Ukraine's Yushchenko hopeful of joining NATO
Last Updated: Tuesday, September 22, 2009 | 1:19 PM ET
CBC News
Ukrainian President Viktor Yushchenko, seen during a televised address in 2008, says public sentiment in his country is moving in favour of joining NATO. (AP Photo/Myshko Markiv, Pool) Ukrainian President Viktor Yushchenko is optimistic his country will soon join NATO, saying Monday that public sentiment in his country is moving in favour of membership in the Western military alliance.
Yushchenko, who is in New York for the United Nations General Assembly on Tuesday, has been pushing for the North Atlantic Treaty Organization to accept the Ukraine in an effort to ensure its sovereignty.
"If you analyze the history of Ukraine in the 20th century," Yushchenko said, "you will see that from 1917 to 1991 Ukraine declared its independence six times and five times we lost it."

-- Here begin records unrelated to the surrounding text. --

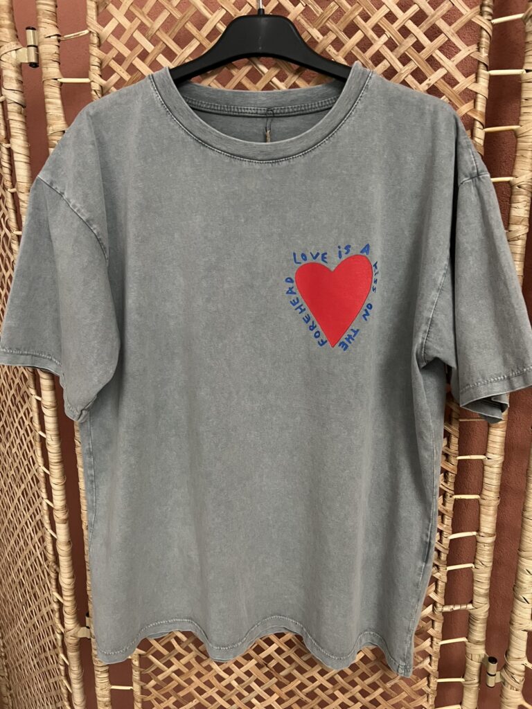 T-shirt ‘Love’ – Lichtgrijs/Rood
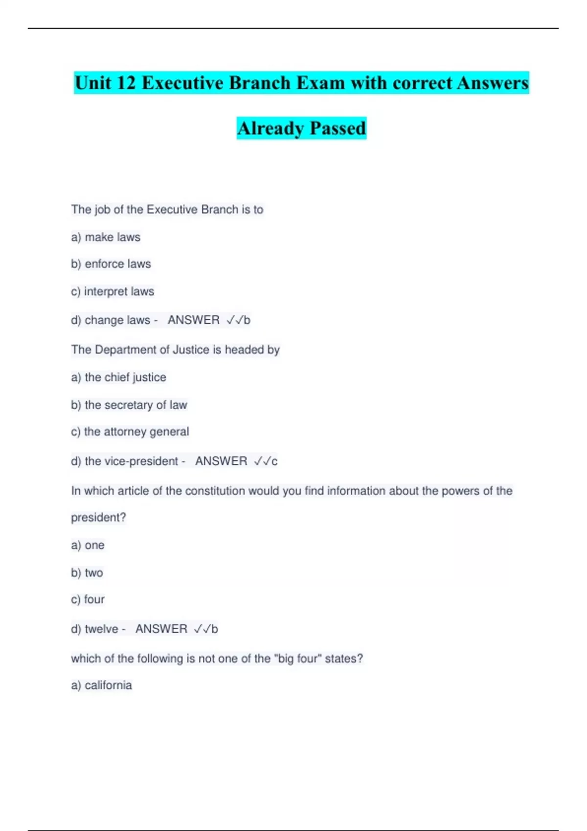 Unit 12 Executive Branch Exam with correct Answers Already Passed The job of the Executive Branch is to a) make laws b) enforce laws c) interpret laws d) change laws - ANSWER b The Department of Justice is headed by a) the chief justice b) the secretary of law c) the attorney general d) the vice-president - ANSWER c In which article of the constitution would you find information about the powers of the president? a) one b) two c) four d) twelve - ANSWER b which of the following is not one of the "big four" states? a) california
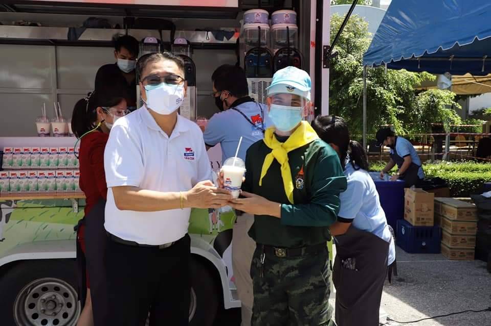 สำหรับปี 2564 นี้ได้เกิดวิกฤตการณ์ การแพร่ระบาดอย่างหนักของโรคติดเชื้อไวรัสโคโรนา 2019 (COVID-19) ที่เกิดขึ้นทั่วโลก รวมทั้งประเทศไทย อ.ส.ค. จึงได้ร่วมมือกับกรมปศุสัตว์และหน่วยงานภาคีต่างๆ ได้ปรับกิจกรรมให้สอดคล้องกับสถานการณ์ โดยหันมาทำกิจกรรมเรียนรู้การทำเมนูอาหารและเครื่องดื่มจากผลิตภัณฑ์นมไทย-เดนมาร์ค ผ่านระบบออนไลน์ภายใต้คอนเซ็ปต์ “สร้างความสุข เสริมภูมิคุ้มกัน ดื่มนมทุกวัน ดื่มได้ทุกวัย บริโภคนมได้หลากหลายเมนู” เพื่อรณรงค์ให้ผู้บริโภคหันมาดื่มนมมากขึ้นแล้ว ทั้งนี้ อ.ส.ค. ยังสนองนโยบายของภาครัฐด้วยการผนึกความร่วมมือกับทุกภาคส่วน เพื่อช่วยเหลือทั้งในงานด้านสาธารณสุขและสังคม ช่วยลดผลกระทบจากการแพร่ระบาดของโรคติดเชื้อไวรัสโคโรนา 2019 (COVID-19)ให้กับประเทศไทยผ่านพ้นวิกฤตการณ์ครั้งนี้ไปได้ด้วยดี อาทิ ร่วมมือกับราชวิทยาลัยจุฬาภรณ์ ซึ่งเป็นหนึ่งในสถานที่หน่วยให้บริการฉีดวัคซีนป้องกันโควิด-19 ด้วยการนำรถ MILK TRUCK ซึ่งเป็น MODEL ธุรกิจร้านนม THAI-DENMARK MILK LAND รูปแบบใหม่ที่จะเปิดตัวในเดือนมิถุนายนนี้ มาร่วมแจกนมให้กับ บุคลากรทางการแพทย์ และผู้เข้ารับบริการฉีดวัคซีนป้องกันโรคโควิด-19 ”
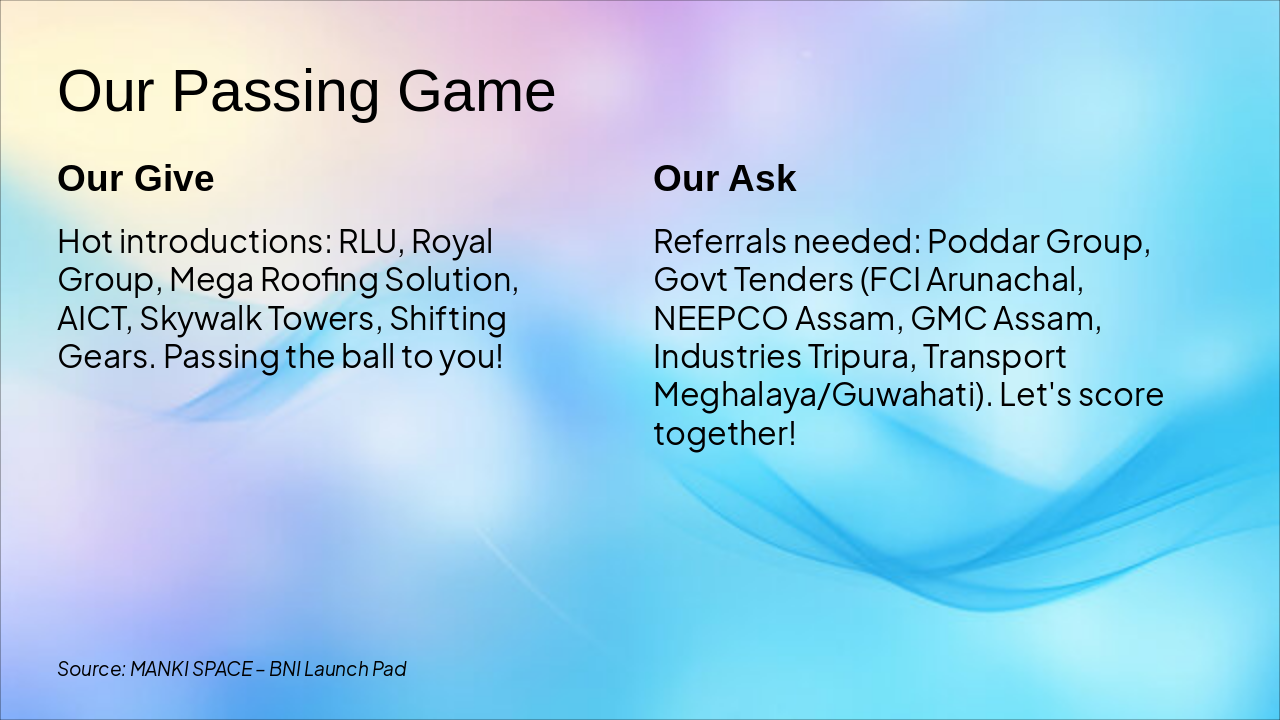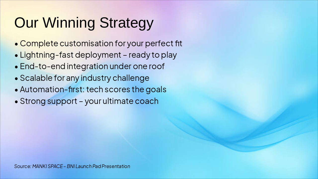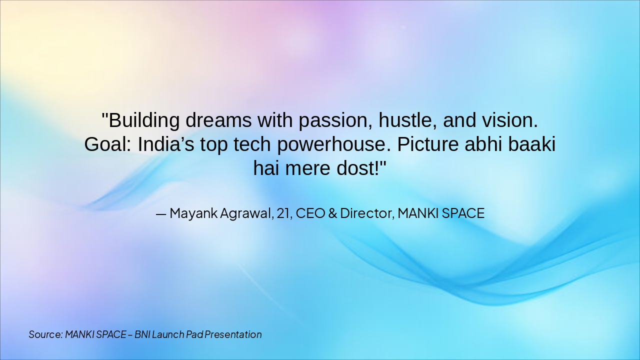 Source: MANKI SPACE – BNI Launch Pad Presentation
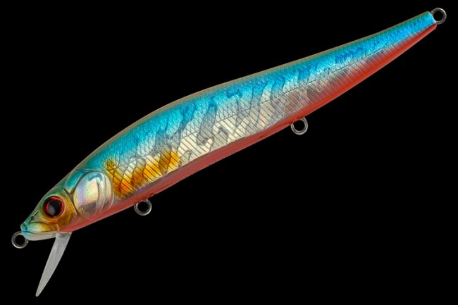 Особенности дизайна: WINK 110SP имеет две, разделенные боковой линией, рельефные фактуры поверхности. Верхняя часть выполнена в виде ромбовидных насечек - чешуек, нижняя (вплоть до брюшка) в виде косых насечек. Головная часть воблера рельефно имитирует жаберные крышки рыбки, а вклеенные 3D глаза завершают дизайн приманки. Воблер имеет систему дальнего заброса и баланса, и оснащен тремя тройниками Cultiva Owner, а так же силовыми заводными кольцами. В каталоге широкий выбор цветов, от провоцирующих до натуральных. Качество ЛКП на высоком современном уровне.
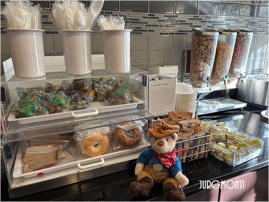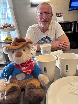 Cody bewacht noch ein wenig das gut eingepackte Frühstück bis wir unseren Kaffee und O-Saft ausgetrunken haben und freut sich auf die Weiterfahrt.....
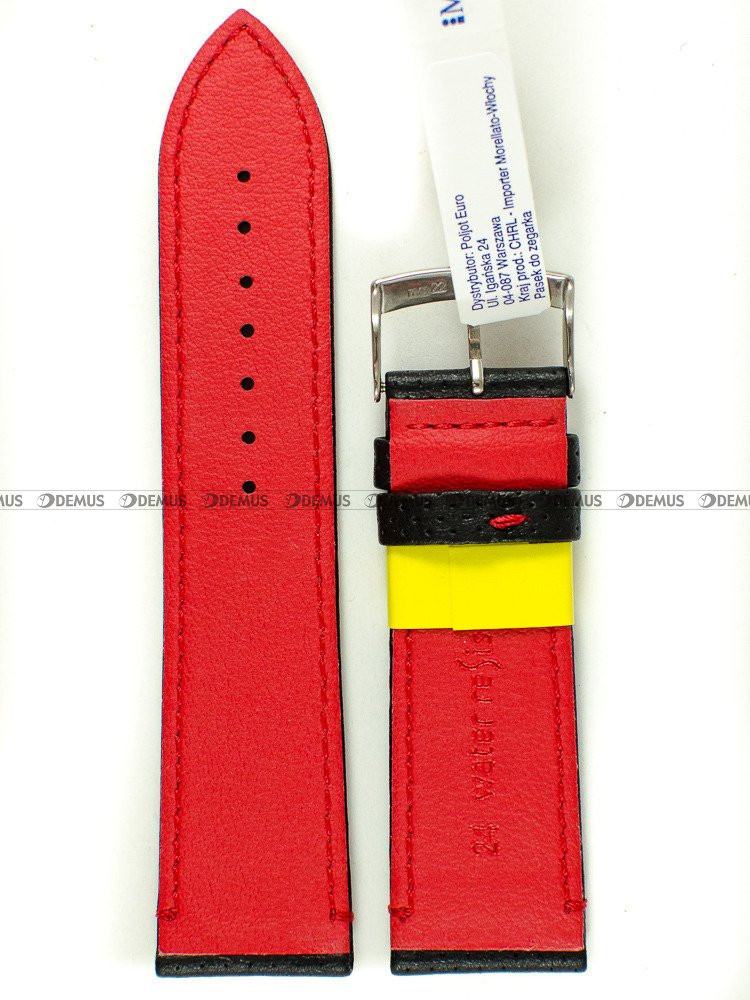 Wyjątkowy pasek do zegarka Morellato A01X4909C18883CR24, który został wykonany ze skóry naturalnej. O charakterze tego produktu decyduje w głównej mierze czarny kolor. Długość paska wynosi 17 cm (od klamerki do ostatniego otworu). Szerokość tego paska to 24 mm i 20 mm przy klamerce.Parametry techniczne
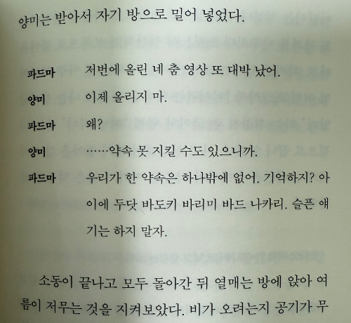 가라앉고자 하면 사람을 찐득하게 바닥까지 내려올 수 있는 사건들 속에서 주인공 손열매는 때로 사람답게 사는 것이 무엇인지 호통치듯 외치며, 성의껏 위로도 하며 함께한다. 물론 그렇게 해서 문제가 해결까지 이르지는 않는다. 그럼에도 자기 앞만 보고 걸어가다가 옆 사람을 한번 돌아보게까지 하는 정도의 힘은 가지고 있다. 슬픈 이야기를 하지 않는 것으로 슬픈 일이 없어지지는 않겠지만 벗어나야 할 때는 잠시 눈을 다른 곳에 돌리는 것도 한 가지 방법이다. 겪어본 사람은 알겠지만, 슬픔은 길고 질겨서 이겨내는데에 여러가지 방법이 필요하다.
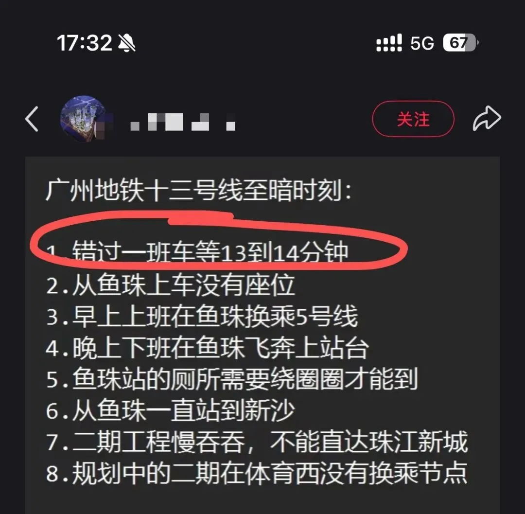 这次二期的开通,还真给乘坐13号线的朋友带来了好消息。班次频率提高了,高峰期6分钟一班!下面我们看一下一位网友在鱼珠地铁站做的测评。
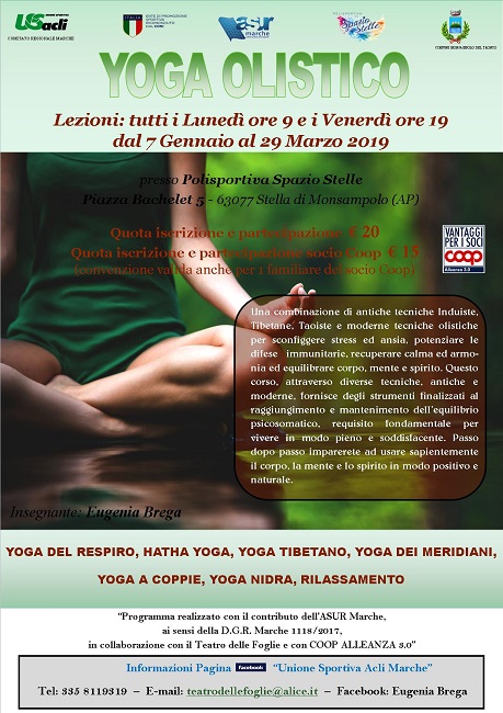MONSAMPOLO DEL TRONTO – Prenderà il via il 7 Gennaio il corso di yoga olistico presso il la Polisportiva Spazio Stelle in Piazza Bachelet 5 nella frazione Stella. L’iniziativa è organizzata nell’ambito del progetto regionale “Sport senza età” dall’Unione Sportiva Acli Marche grazie al contributo dell’Asur Marche (ai sensi della deliberazione di Giunta regionale 1118/2017), col patrocinio dell’amministrazione comunale di Monsampolo del Tronto e la collaborazione di Coop Alleanza 3.0 e Teatro delle foglie.
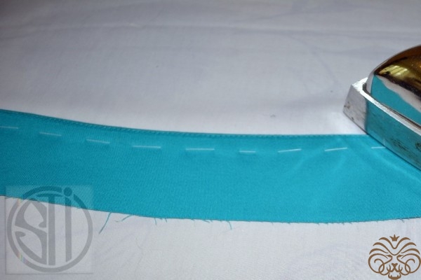 - Для предотвращения растяжимости верхнего припуска необходимо настрочить на припуск дополнительную х\б или атласную полоску шириной 5мм, укладывая ее возле шва стачивания частей пояса

He blamed the former Soviet Union for the reversals.
Canada and the United States have been strong supporters of the Ukraine's bid to join the 26-member alliance, established after the Second World War to counter Soviet expansion.
France and Germany have been more cautious, however, worrying such a move will strain ties with Russia, which firmly opposes the move.
Three former Soviet Republics — Latvia, Estonia and Lithuania — have already joined NATO, moves that have angered post-Soviet Russian governments.
Yushchenko said whether Ukraine is allowed to join NATO is not for outsiders, like Russia, to decide.
Public support in Ukraine is growing, he said, with 33 per cent of those polled supporting NATO membership while 27 per cent oppose it. Four years ago only 14 per cent of those polled supported joining the organization, Yushchenko said.
Independent polling still shows more Ukrainians are against joining NATO than are willing to join it, however.
Yushchenko re-election in doubt
The Ukrainian president said the Russian invasion of Georgia in August 2008 was a strong selling point for joining NATO, which guarantees that an attack on one member state is viewed as an attack on the alliance.
Yushchenko faces a difficult election battle in January, with some reports saying only five per cent of Ukrainians support him for re-election. Yushchenko himself said his own numbers have his popularity at 10 per cent and rising.
Ukraine's economy has struggled during the global economic recession, with the country relying on an emergency loan from the International Monetary Fund to avoid a complete meltdown.
Parliamentary auditors reported that 879,000 people were unemployed last year, and the IMF said the country's economy will shrink 14 per cent this year.
Yushchenko was poisoned with a deadly dioxin during the Ukrainian presidential election in September 2004 and required dozens of operations to recover, but looked well on Monday, according to reports.